I have been looking through the patterns and they are beautiful, the ones I would like to have they are in Russian? Needles to say I don't speak the language. Still I enjoy looking through.


----------



## charliesrose (Dec 6, 2012)

Peoline said:


> I have been looking through the patterns and they are beautiful, the ones I would like to have they are in Russian? Needles to say I don't speak the language. Still I enjoy looking through.


The patterns are lovely. I liked the different stitch patterns offered.

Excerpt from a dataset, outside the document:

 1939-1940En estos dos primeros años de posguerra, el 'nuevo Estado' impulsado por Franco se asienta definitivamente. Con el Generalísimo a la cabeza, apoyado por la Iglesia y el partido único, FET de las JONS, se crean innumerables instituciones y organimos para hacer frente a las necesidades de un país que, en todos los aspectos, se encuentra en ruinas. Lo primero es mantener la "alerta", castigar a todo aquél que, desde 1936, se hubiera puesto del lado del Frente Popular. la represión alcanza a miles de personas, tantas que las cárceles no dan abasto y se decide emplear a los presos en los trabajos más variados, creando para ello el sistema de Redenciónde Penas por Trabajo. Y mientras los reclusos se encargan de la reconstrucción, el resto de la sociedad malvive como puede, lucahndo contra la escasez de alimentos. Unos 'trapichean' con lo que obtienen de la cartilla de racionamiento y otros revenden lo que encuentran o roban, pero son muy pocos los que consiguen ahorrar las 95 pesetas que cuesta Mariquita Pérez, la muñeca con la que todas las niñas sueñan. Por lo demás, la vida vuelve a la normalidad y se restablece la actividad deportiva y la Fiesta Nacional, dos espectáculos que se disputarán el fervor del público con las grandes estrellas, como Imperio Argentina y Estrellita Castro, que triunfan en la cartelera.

I have taken some European patterns and used Google Translate to put them into English. It works pretty well.


----------



## ladybuys (Jan 14, 2011)

Thanks so much for this site.......it's a keeper.


----------



## conch72 (May 11, 2012)

Thanks for the link. I liked the Honey Cowl and have already downloaded it.


----------



## Paula Plant (Apr 5, 2011)

Hi 
The patterns are lovely but how do you translate them.


----------



## Hudson (Mar 3, 2011)

Paula Plant, I'm with you! What I like appears to be in French...going to have to have help on this.


----------



## run4fittness (May 22, 2011)

nice!


----------



## ladystarshine (Apr 29, 2011)

how do you get them transalted?


----------



## AddisonM57 (Nov 5, 2019)

[No message]


----------